Uncertainty around asset prices likely to slow transactions
Higher interest rates and slower economic growth is a common theme that extends to the Canadian market. Real estate development, investment, and transaction activity are expected to remain soft intos 2024.
“We’re starting to see cracks that we didn’t see before,” says one interviewee, citing the challenges faced by people feeling the biggest impacts. The Bank of Canada shows no signs of easing back on high interest rates in the coming year, and real estate market participants are approaching all asset classes—even the most favored industrial and residential property categories—with a fair amount of caution.
Most interviewees believed that overall uncertainty about asset prices will remain a key factor in holding back transactions for the time being. Those deals that do proceed will probably be smaller as large investors pull back from the market and the amount of capital available for real estate is more constrained.

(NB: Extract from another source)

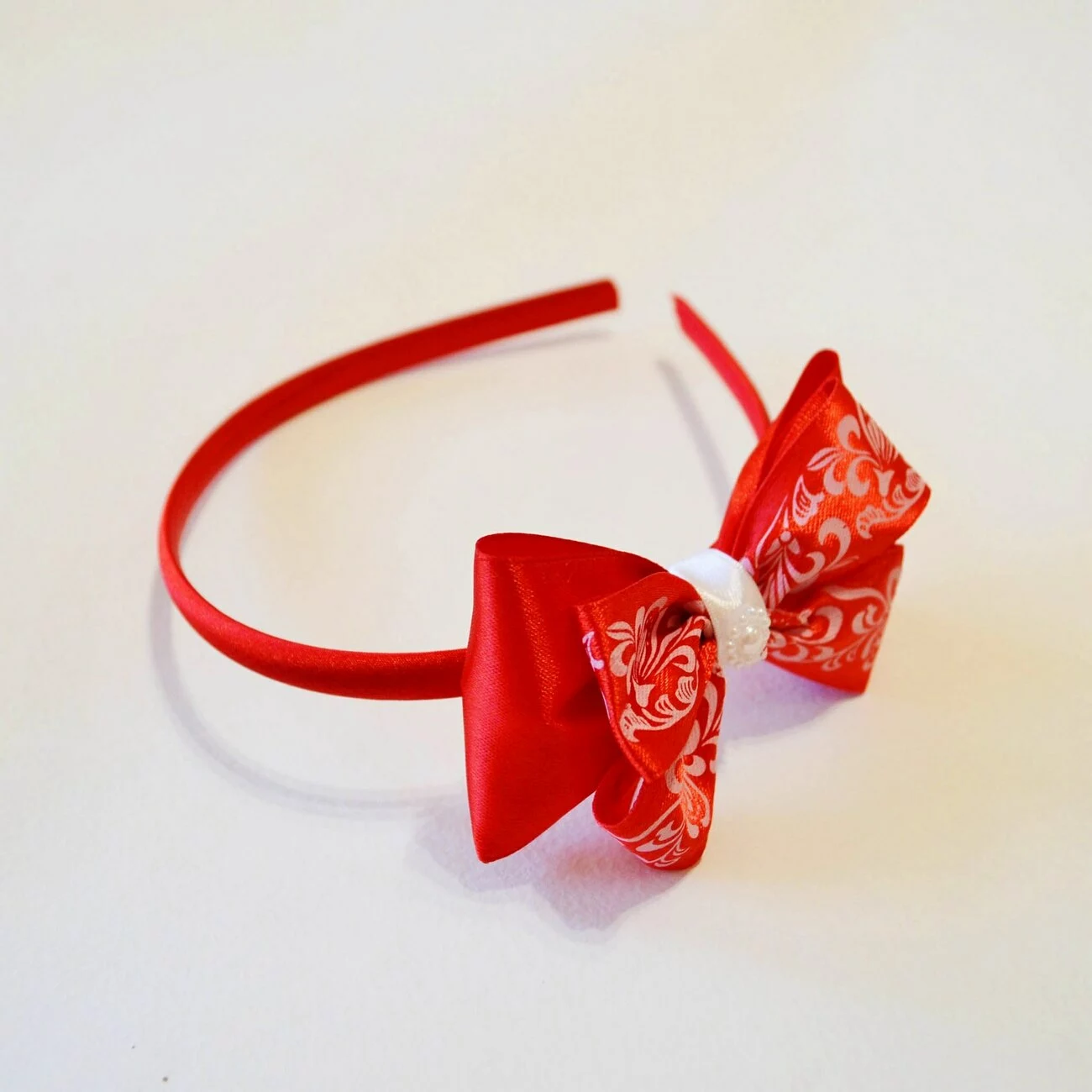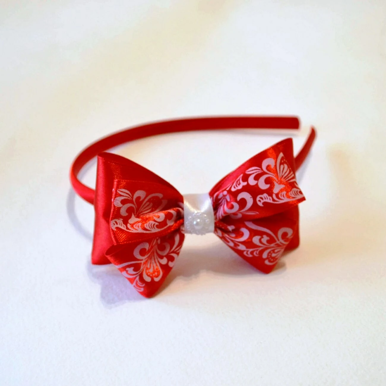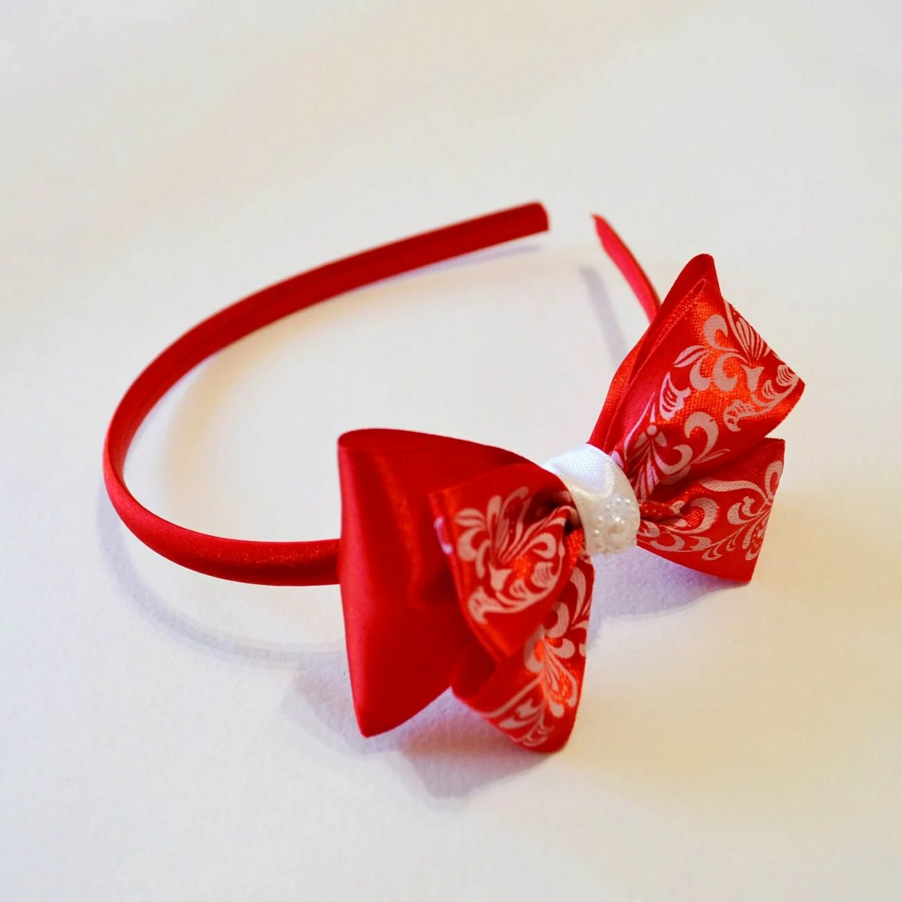 Обруч Бантик ручної роботи із яскравими стрічками червоно-білого кольору від гуртівні Leosouvenir чудово підкреслить Ваш неперевершений смак і стиль.

Nuanced market. A key theme in recent years has been the growing bifurcation in retail and office real estate. This trend can now be seen moving into other areas of the market, such as the industrial and multifamily segments. Canadian real estate has become more differentiated, with investors and developers needing to be more selective and pay closer attention to exactly how they will create value by optimizing their assets and portfolios.
Access to capital. The Bank of Canada’s monetary policies are not the only factor putting a damper on Canadian real estate activity. Canadian banks have faced tighter regulatory requirements on their capital reserves, which has led to more restrictive lending conditions, reduced availability of debt financing, and even higher borrowing costs. In the words of one individual, “Money is available, but to few people on fewer things.”
Labor shortage. Canadian executives are concerned that labor shortages will affect both productivity and quality of work, and shortages could have longer-term impacts in the construction industry. Research from the Canadian Imperial Bank of Commerce (CIBC) estimates that at least 300,000 construction workers will retire over the next decade, amid efforts to replace those aging workers who are falling short.
Housing affordability. The issue of housing affordability is expected to deepen in 2024. Developers are building fewer units, in part because of higher costs and slower sales in the wake of higher mortgage rates. At the same time, a surge in population coming from increased immigration is expected to put more stress on available housing supply.
ESG reporting requirements. Requirements for reporting on ESG issues have evolved quickly in Canada. The International Sustainability Standards Board (ISSB) finalized two key standards in June 2023 that relate to requirements for disclosure of sustainability-related financial information and climate-related disclosures. The new rules could set a broader baseline of what is expected of any organization reporting on its ESG performance. Also noteworthy is new federal legislation on addressing forced labor in Canadian supply chains. Companies subject to the legislation must report annually, starting in 2024, on steps taken to reduce and prevent the risk of using forced or child labor at any step in the supply chain.
Markets to watch. Toronto topped the list of markets to watch for investment prospects, and the city rated second highest for homebuilding and development. After a slowdown in 2023, its economy is expected to regain momentum in 2024 with a real GDP growth forecast of 2.9 percent. The metro area does face challenges, including housing affordability and record levels of office sublease space downtown. However, the Greater Toronto Area remains a favored sector. One interviewee states, “If I had $100, I’d spend it all in Toronto.”